What should parents do when their child is introverted?

Understand and criticize the child less

Introverted or extroverted tendencies are not good or bad; they are simply different characteristics in different individuals. Therefore, parents need to listen more and understand more. Each personality will have its own strengths and suitability.

Do not force the child to integrate into society; instead, provide opportunities to guide them

It is not necessary for a child to be outgoing and talkative to be considered good. If your child is too shy, do not force them, such as suddenly throwing them into the water to teach them to swim, as it may frighten them. Instead, lead them and persuade them to go out and play, participate with friends.
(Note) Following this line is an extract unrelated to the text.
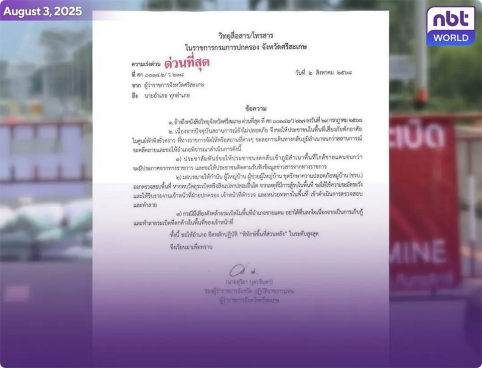 BANGKOK, Thailand – Sisaket province has issued a warning to residents living near the Thai–Cambodian border, urging them not to return home due to ongoing security risks. As of 9:00 p.m. on August 2, the Provincial Public Relations Office, under Deputy Governor Suriya Butjinda, instructed all district chiefs to inform evacuees that it is still unsafe to return and that they must remain in temporary shelters or safe areas until further notice.

Prepare the child mentally for new experiences

Knowing that your child is introverted, as a parent, you need to provide appropriate “preparation” when your child meets new people or goes to unfamiliar places. Talk to your child beforehand about the trip. Do not force your child to do things they do not want to do. Gradually, they will become more accustomed.

Teach the child self-protection

Introverted children may be excluded at school, so parents need to teach their child to seek help and solve problems by themselves. At the same time, you can communicate more with the teachers about your child’s personality to gain understanding and assistance.

A child’s introverted or extroverted nature is neither good nor bad. Each personality will have appropriate environments and suitable future opportunities. Therefore, do not force your child to be like you. An extroverted child also needs guidance to avoid becoming arrogant, boastful, or excessive. And in the family, it is best not to blame your spouse or child for inheriting certain traits from someone, as it will not solve the problem and only create more tension in the family, making your child feel guilty and causing disharmony between you and your spouse. Regardless of whose genetic traits the child inherits, you should not blame each other because you chose to be with your partner, and only by working together can you make progress, while criticism only slows down the process.